It is our opinion that this is an important finding–players have no idea what your AI is doing. We did not expect players to recognize a Monte-Carlo algorithm in action. We feel it is important but unsurprising that players could not differentiate between fancy AI (PowerCalculationFancy), simple AI (HighestStackHealth), and AI using indirect measures (HighestStackCost). We hoped players could not tell the difference between AIs that were trying their hardest and those that were intentionally throwing the game to make the player feel more competent. But we were surprised that players were completely unable to detect even blatant and intentionally human-like behaviors such as having an entire team focus on the first person to attack them (TeamRevenge), nor could they tell when an AI was changing strategies (AlternatingStrategies).
Table 4.4 Enjoyment of AI Opponent
Rank | AI | Score |
1 | HighestStackAdjustedHealth | 3.6 |
2 | HighestStackAdjustedHealth | 3.5 |
IndividualRevenge | 3.5 | |
PersistentHighestStackCost | 3.5 | |
PersistentHighestStackHealth | 3.5 | |
RandomBot | 3.5 | |
TeamDamageMonteCarlo | 3.5 | |
TeamDamageMonteCarloManaged | 3.5 | |
3 | TeamRevenge | 3.4 |
4 | HighestStackCost | 3.3 |
TopDown | 3.3 | |
5 | LongestName | 3.2 |
PingPong | 3.2 | |
PowerCalculationFancy | 3.2 | |
Wolf | 3.2 | |
6 | AlternatingStrategies | 3.1 |
HighestStackCostManaged | 3.1 | |
HighestStackHealth | 3.1 | |
7 | Alphabetical | 3.0 |
ShareBear | 3.0 | |
TK | 3.0 | |
8 | PowerCalculationFancyManaged | 2.8 |
(An aside: While the average player might be unable to quickly determine an AI’s strategy and is likely uninterested in conducting experiments to puzzle it out, The Internet is a large place and if your game has enough players, eventually someone will figure it out and publish it somewhere.

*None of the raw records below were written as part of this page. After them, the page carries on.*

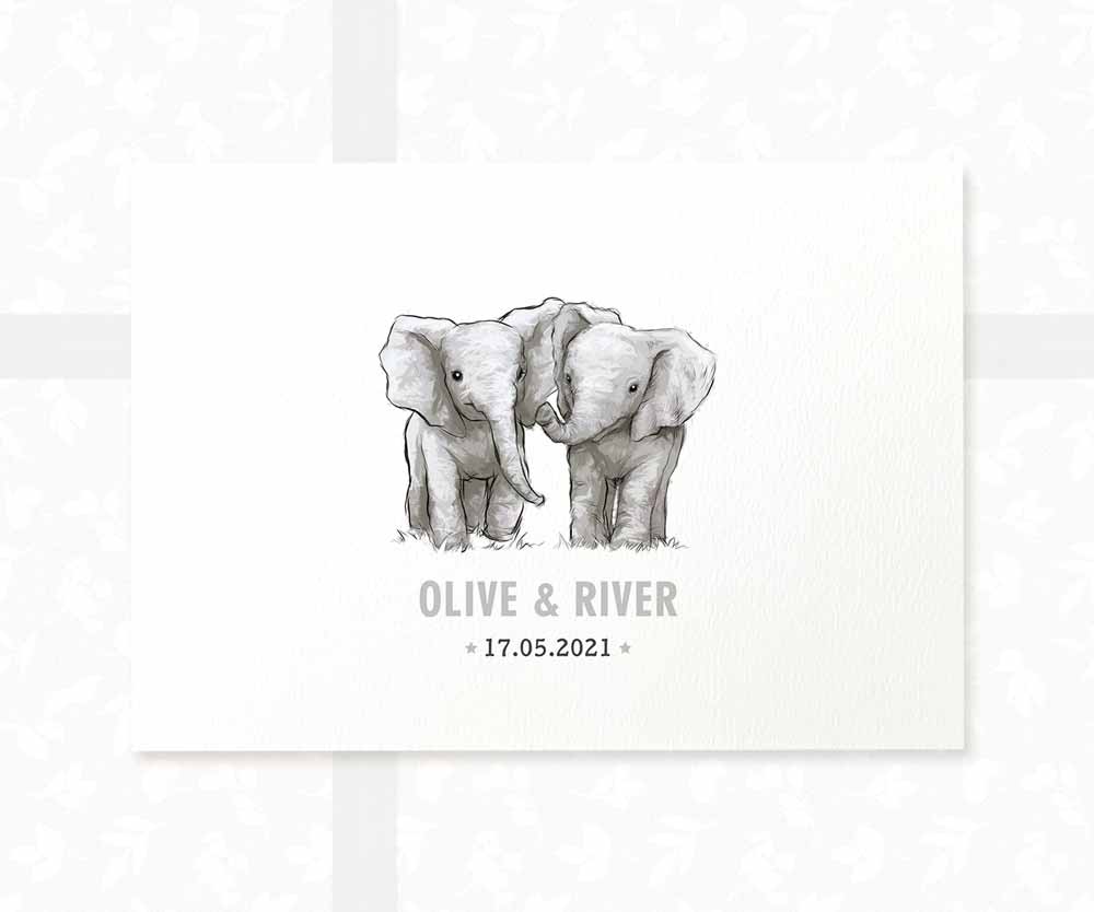 Customise your elephant baby birth print with your babies' names and date of birth for a perfect twin nursery feature. Ideal as a twin welcome gift for new parents or a baby shower present. Whether for a memorable first birthday or a homecoming gift, this adorable print will complete your safari-themed nursery decor as a lasting celebration of your children.
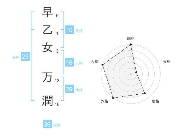 早乙女 万潤さんを姓名の画数から五運を鑑定
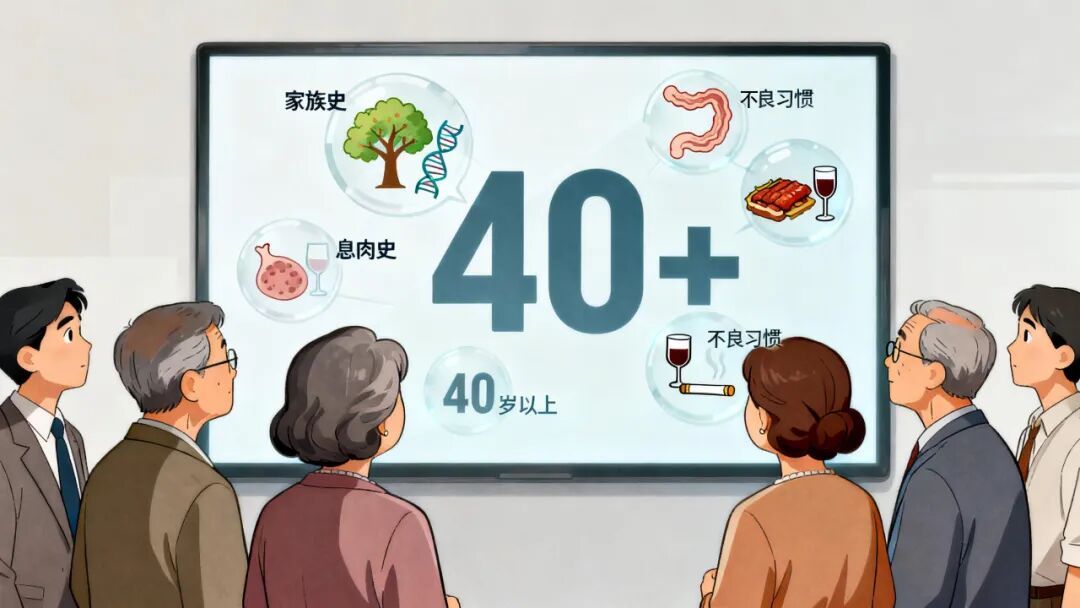 年龄是重要因素。中国人群肠癌发病率从40岁开始明显上升。《中国结直肠癌早诊早治专家共识(2023版)》建议40—74岁普通人群进行肠镜检查。
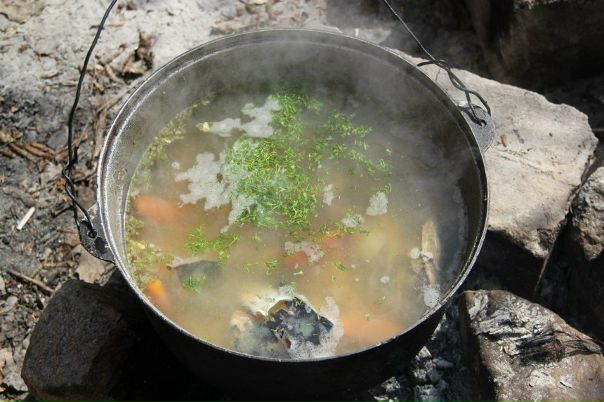 Очень аккуратно перемешайте, снимите образовавшуюся пену и оставьте на костре томиться около 10 минут(до готовности рыбы).
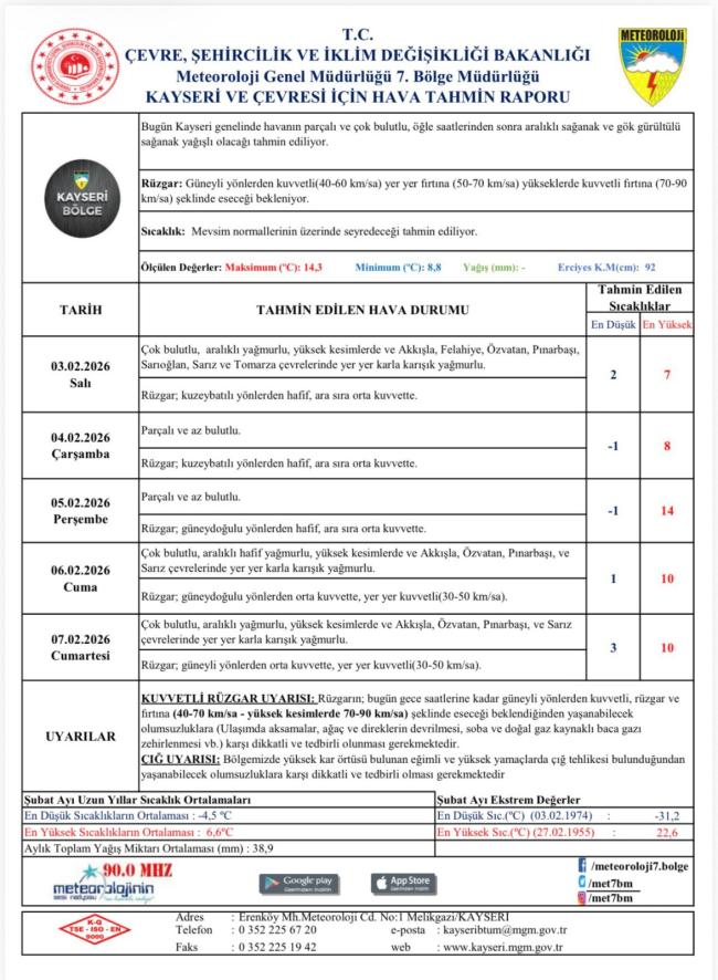 Meteoroloji 7. Bölge Müdürlüğü, Kayseri için önümüzdeki günleri kapsayan hava tahmin raporunu yayımladı. Rapora göre kent genelinde çok bulutlu hava, aralıklı yağışlar ve zaman zaman etkisini artıracak kuvvetli rüzgar bekleniyor. Tahminlere göre 3 Şubat Salı günü kentte sıcaklık 2 ila 7 derece arasında olacak. 4 Şubat Çarşamba günü parçalı ve az bulutlu bir hava öngörülürken, termometreler eksi 1 ile 8 dereceyi gösterecek. 5 Şubat Perşembe günü ise sıcaklıkların artarak eksi 1 ile 14 derece arasında seyretmesi bekleniyor. Haftanın sonuna doğru hava yeniden kapanıyor. 6 ve 7 Şubat tarihlerinde Kayseri genelinde çok bulutlu hava etkili olacak. Bu günlerde aralıklı yağmur, yüksek kesimler ve bazı ilçelerde ise yer yer karla karışık yağmur görülebileceği bildirildi. En yüksek sıcaklıkların 10 derece civarında kalacağı tahmin ediliyor.
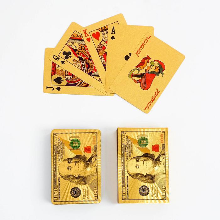 Карты игральные пластиковые "Доллар", 54 шт, розовое золото, 9*6 см, 28 мкр

We leave it to you to decide whether that is a bad thing or, perhaps, an opportunity to add Easter eggs for your more highly motivated players.)
Table 4.6 shows how the various measurements are correlated. Correlation scores are on a scale of 1 to –1, with 1 meaning they move together perfectly, –1 meaning they move in opposite directions, and 0 meaning there is no connection between them. Note that strategy recognition correlations are omitted because players were unable to recognize all but two strategies, making the analysis meaningless.
Perceived difficulty strongly correlates with everything but fun. Actual difficulty strongly correlates with perceived difficulty and moderately correlates with realism. In both cases, difficulty correlated with realism. This is perhaps in keeping with anecdotal findings from others that making an enemy more difficult made the AI appear more intelligent. Fun, unfortunately, did not correlate with anything. How much one enjoys playing against an AI opponent appears to be independent of how difficult or realistic the AI is.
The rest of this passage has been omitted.